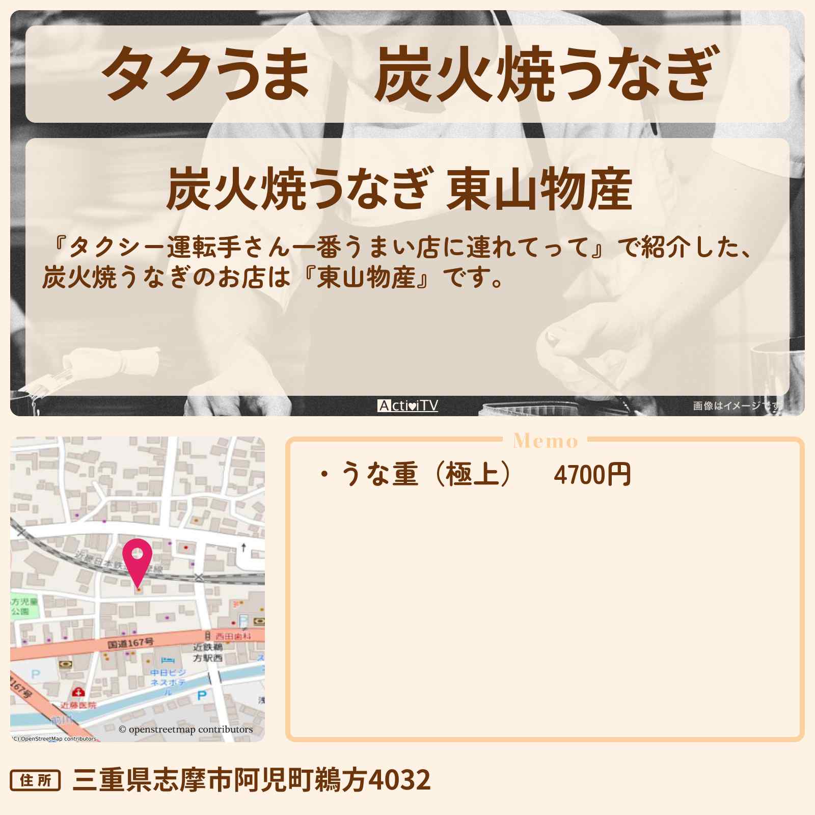 放送の【タクシー運転手さん一番うまい店に連れてって】で紹介した、炭火焼うなぎのお店は『東山物産』です。
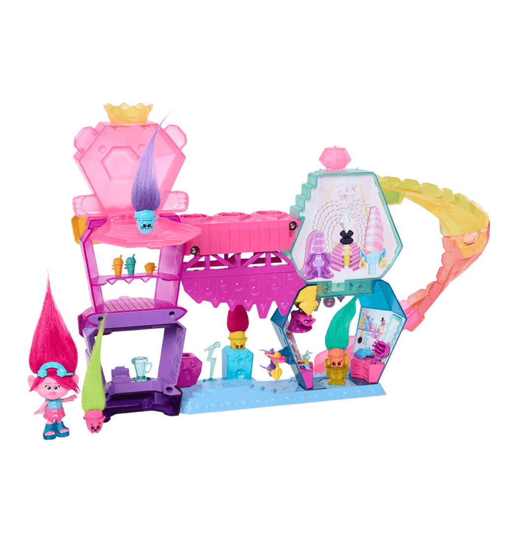 Inspirado en la icónica ubicación de Trolls Band Together de DreamWorks, el set ofrece dos historias con un tobogán extraíble y otras múltiples áreas de juego, como una barra de comiditas, un vestidor y un escenario. Un lanzador de Hair Pops agrega más diversión a la hora de jugar.
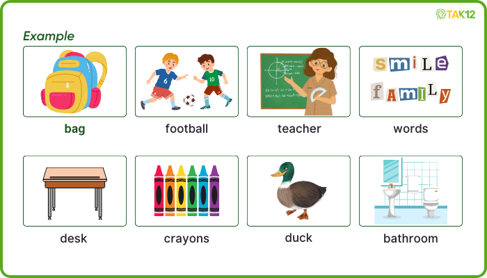I go to school every day. I take my bag to school. I put my books, pencil, and in it. My is very nice. I sit at a small in my classroom. I write with my pencil in my book. I like learning new . I have got many friends at school. We run, jump, and play . I am happy at school.
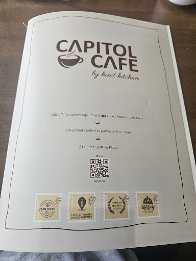 Read moreCapitol Cafe what happened? We have been coming here for years. Food was always good, service friendly. Staff got to know my kids... Came tonight on a Thursday at 6pm. Server was friendly and was training a second server. My husband ordered a sandwich, kids ordered a hamburger and pancakes, I ordered a salad. We waited over 45 minutes for our food after it was ordered. My husband said his sandwich was dry. My kids didn't complain about the food. I started to eat my salad and found a big, dead fly in it. My husband told the woman working at the register. She came over and rudely asked what was in my salad, however, she did seem embarrassed and apologized when I showed her the dead fly. She asked if I wanted anything else and offered to take the salad off the bill when I said i did not want anything else. I also had to swat a few flies away from the table while I was eating. The restaurant just didn't seem to have the same friendly vibe we are used to, plus the food wasn't very good, and there was a dead bug in mine. Things didn't seem as clean, the decor on the walls really needs to be scrubbed down as there were food stains on the decorations and the blinds are literally filthy. The kids booster seats are in need of a good wipe down, too. Hate to give a bad review to a place we have been frequenting for years, but it is obvious that there is new staff and things are getting...

The problem :: Pictures are to be left out. Otherwise, copy the material above exactly.

Answer to this problem ::
 放送の【タクシー運転手さん一番うまい店に連れてって】で紹介した、炭火焼うなぎのお店は『東山物産』です。
 Inspirado en la icónica ubicación de Trolls Band Together de DreamWorks, el set ofrece dos historias con un tobogán extraíble y otras múltiples áreas de juego, como una barra de comiditas, un vestidor y un escenario. Un lanzador de Hair Pops agrega más diversión a la hora de jugar.
I go to school every day. I take my bag to school. I put my books, pencil, and in it. My is very nice. I sit at a small in my classroom. I write with my pencil in my book. I like learning new . I have got many friends at school. We run, jump, and play . I am happy at school.
 Read moreCapitol Cafe what happened? We have been coming here for years. Food was always good, service friendly. Staff got to know my kids... Came tonight on a Thursday at 6pm. Server was friendly and was training a second server. My husband ordered a sandwich, kids ordered a hamburger and pancakes, I ordered a salad. We waited over 45 minutes for our food after it was ordered. My husband said his sandwich was dry. My kids didn't complain about the food. I started to eat my salad and found a big, dead fly in it. My husband told the woman working at the register. She came over and rudely asked what was in my salad, however, she did seem embarrassed and apologized when I showed her the dead fly. She asked if I wanted anything else and offered to take the salad off the bill when I said i did not want anything else. I also had to swat a few flies away from the table while I was eating. The restaurant just didn't seem to have the same friendly vibe we are used to, plus the food wasn't very good, and there was a dead bug in mine. Things didn't seem as clean, the decor on the walls really needs to be scrubbed down as there were food stains on the decorations and the blinds are literally filthy. The kids booster seats are in need of a good wipe down, too. Hate to give a bad review to a place we have been frequenting for years, but it is obvious that there is new staff and things are getting...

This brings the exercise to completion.